Dès son entrée en fonction, le Président américain Donald J. Trump a signé un décret sur le retrait des Etats-Unis de l’Accord de Paris sur le climat et a annoncé qu’il allait augmenter la production de pétrole et de gaz à grande échelle et supprimer les subventions pour les véhicules électriques. Il a aussi signé un décret visant à retirer les Etats-Unis de l’Organisation mondiale de la Santé (OMS) et à cesser de participer à son financement.
Le ministre taïwanais de l’Environnement Peng Chi-ming (彭啟明) a rappelé dans une interview aujourd’hui que les Etats-Unis s’étaient également retirés de l’Accord de Paris lors du premier mandat de Donald Trump, mais que cette absence avait eu relativement peu d’impact sur les négociations mondiales.
Peng Chi-ming a déclaré : “À en juger par le précédent mandat, il y aura sûrement quelques légers ajustements. Cependant, si nous considérons la situation globale, la trajectoire de lutte contre le changement climatique est toujours sur la même voie. Bien que les mesures soient plus lentes, l’atmosphère générale n’est pas affectée et demeure en faveur de la réduction des émissions de carbone.”
Il a précisé qu'il est certain que les changements adoptés par les Etats-Unis peuvent être de court terme et que Taïwan est obligé de réagir, mais cela ne change en rien la crise climatique. Des catastrophes naturelles changeront peut-être la donne aux Etats-Unis. Quoi qu’il en soit, le secteur privé américain lié à la réduction des émissions de carbone demeurait parmi les leaders mondiaux, a souligné le ministre.

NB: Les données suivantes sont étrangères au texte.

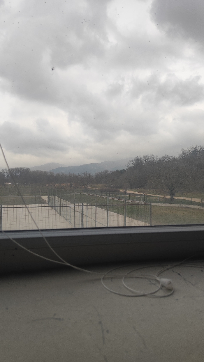 The image depicts an outdoor landscape viewed from an interior window in Kazanlak, Bulgaria, under a uniformly overcast sky. In the immediate foreground, a light gray window sill is visible, on which a tangled white wired earbud is coiled towards the right, with a thin white wire extending from the left side of the sill. Beyond the window, a light-colored metal fence, constructed from a grid of horizontal and vertical bars, encloses a paved recreational area. This area features light-toned concrete or asphalt courts, appearing empty. Further back, a strip of dry, sparse grass leads to a dirt path running horizontally across the midground. Another, less distinct fence line parallels this path, separating it from a dense collection of leafless deciduous trees, indicative of late autumn or winter. In the distant background, a range of low mountains or hills rises, partially obscured by atmospheric haze, beneath the gray, cloudy sky. Numerous small, dark specks are present across the upper portion of the image, consistent with dust or imperfections on the window pane or camera lens. No individuals or active subjects are observed within the scene.
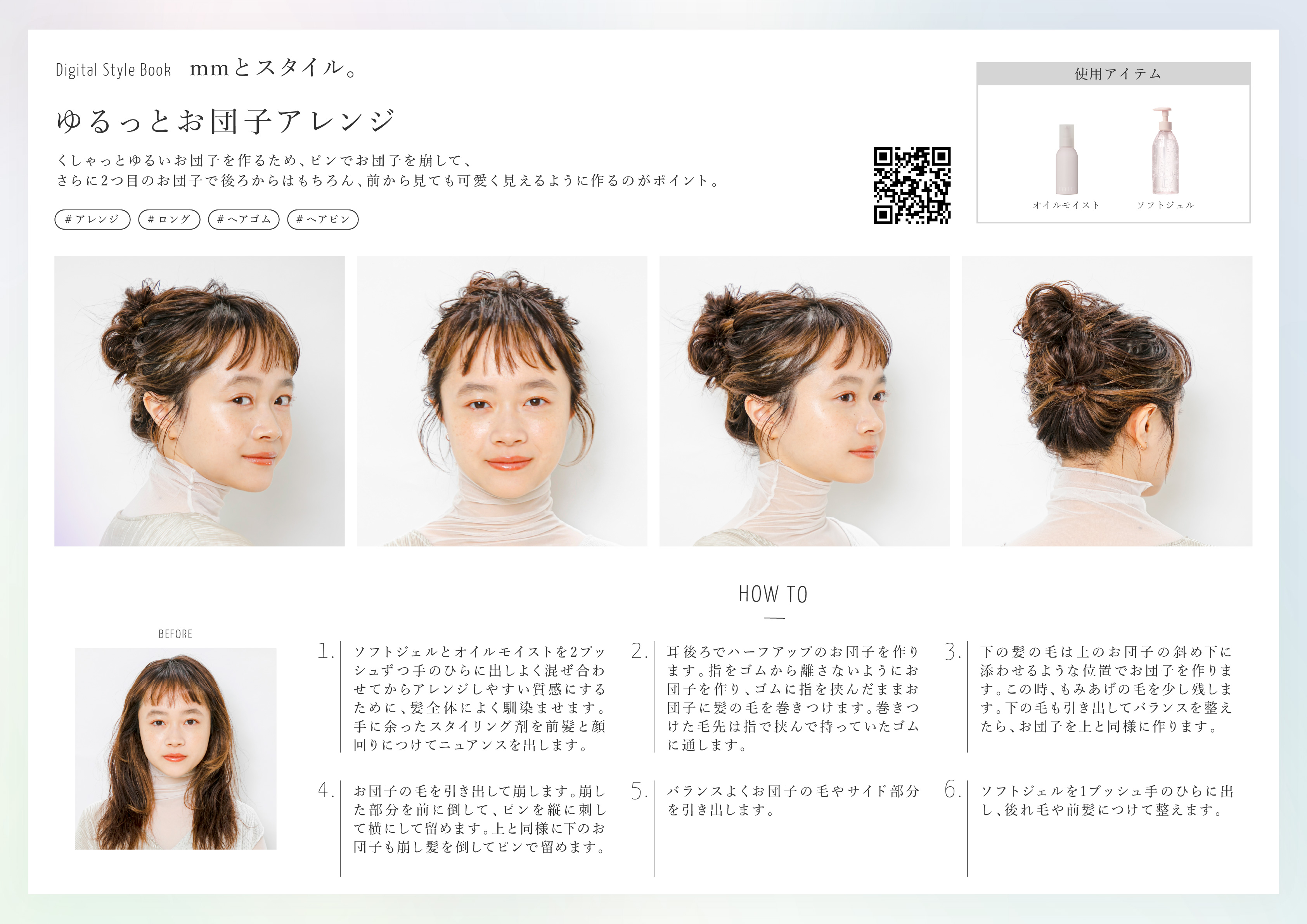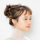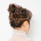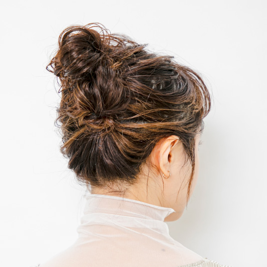 くしゃっとゆるいお団子を作るため、ピンでお団子を崩して、さらに2つ目のお団子で後ろからはもちろん、前から見ても可愛く見えるように作るのがポイント。
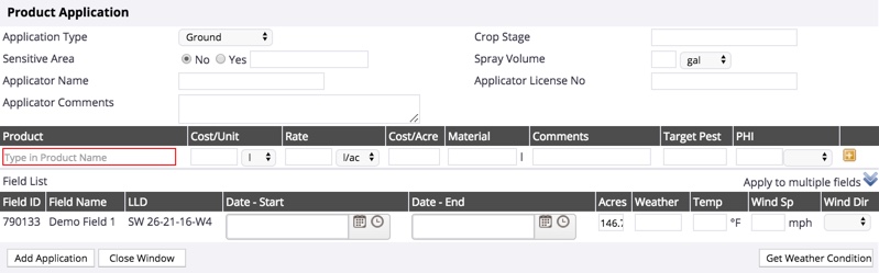 Product Application – click the add record icon to add any any planned applications, then select one or more fields and click Add Application (or Close Window); once a plan is converted to actual, this is where you can view or edit tasks read-in from vehicle displays or third-party accounts in the Field Manager Overview tab
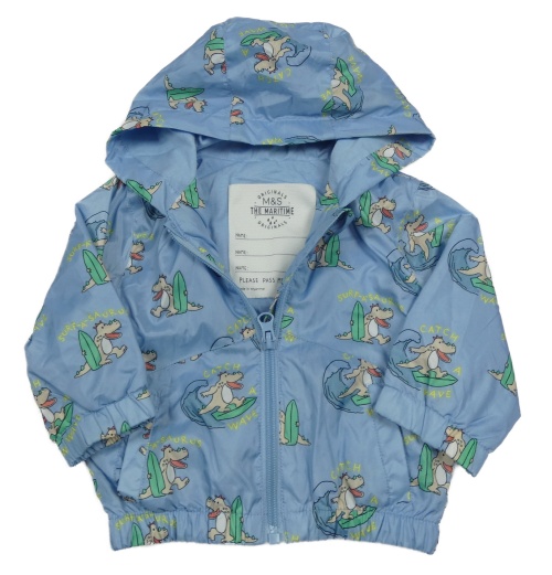 Světlemodrá šusťáková jarní bunda s dinosaury a kapucí M&S
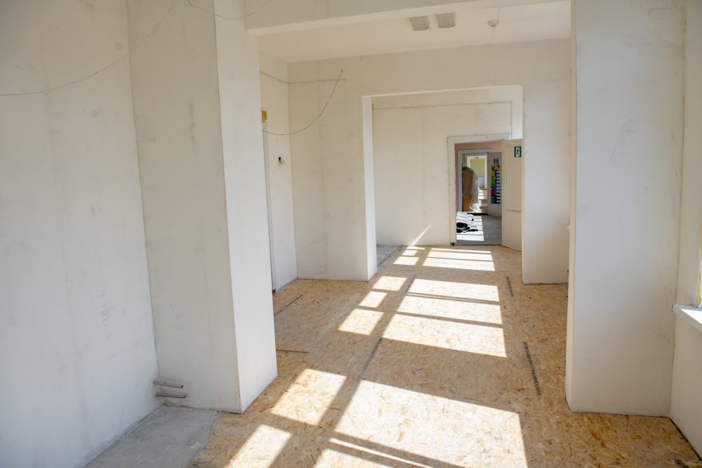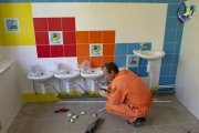 В настоящее время в туалетных и буфетных, пищеблоке и прачечной произведена укладка кафельной плитки на стенах и полах. Заменена система отопления с установкой новых приборов, выполнена прокладка труб водоснабжения и водоотведения. Ведутся работы по установке сантехнических приборов.
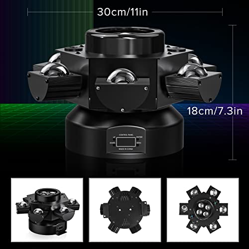 Specification: UKing Projecteur à tête mobile, projecteur de fête LED RGBW coloré DMX512 effet de lumière 6 bras activé par le son pour Noël DJ Bar Halloween anniversaire boîte de nuit mariage
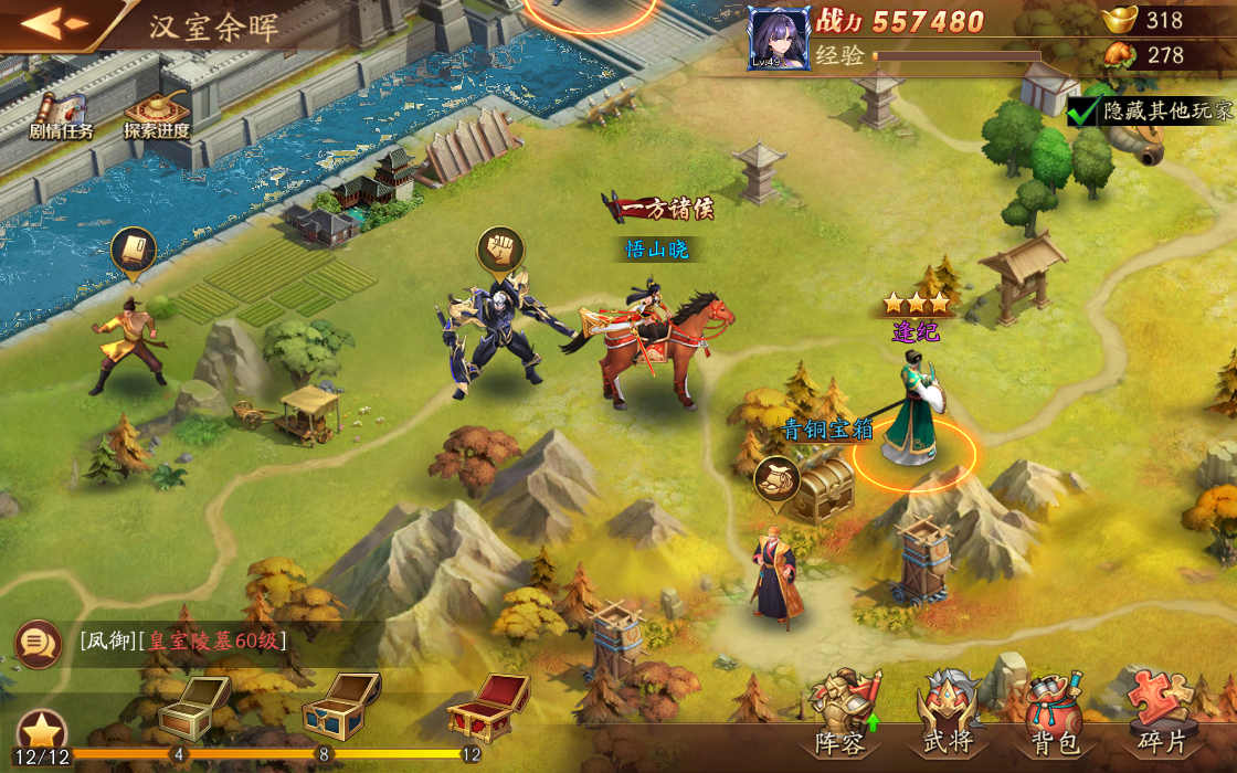 《放開那三國3》每一章節副本都有面積約為8屏的可自由探索大地圖,在地圖的各處分佈著多個拾取點,玩家點擊即可獲取元寶、銀幣、武將碎片等資源。常見的拾取點比如寶箱,推進主線任務即可解鎖;而更價值更高的神秘寶箱則有專門的寶箱守衛鎮守,需要擊敗他們才能獲取其中的寶物;還有更多隱藏在獸骨、地縫中的拾取物品,需要玩家仔細尋找;運氣好的玩家甚至能夠找到地圖中的隱藏點開啟神秘地圖,將大量寶藏據為己有。

En ce qui concerne le retrait américain de l’OMS, le ministre sans portefeuille et ancien ministre de la Santé (2017-2022) Chen Shih-chung (陳時中), interrogé par la presse aujourd’hui, a indiqué que le Président Trump n’était peut-être pas satisfait de la situation actuelle de l’OMS qui est influencée par certains pays et souhaitait mettre en place une organisation alternative. Il a rappelé que Taïwan avait toujours cherché à participer aux réunions de l’OMS, afin de contribuer à la santé publique mondiale, bien que cela ait été difficile ces dernières années. Il a ajouté que si les Etats-Unis créaient une organisation alternative, il espérait également que Taïwan y trouverait sa place, car Taïwan est toujours prêt à travailler avec des pays partageant les mêmes valeurs, pour prévenir les épidémies, ce qui passe notamment par la possibilité de recevoir des informations pertinentes.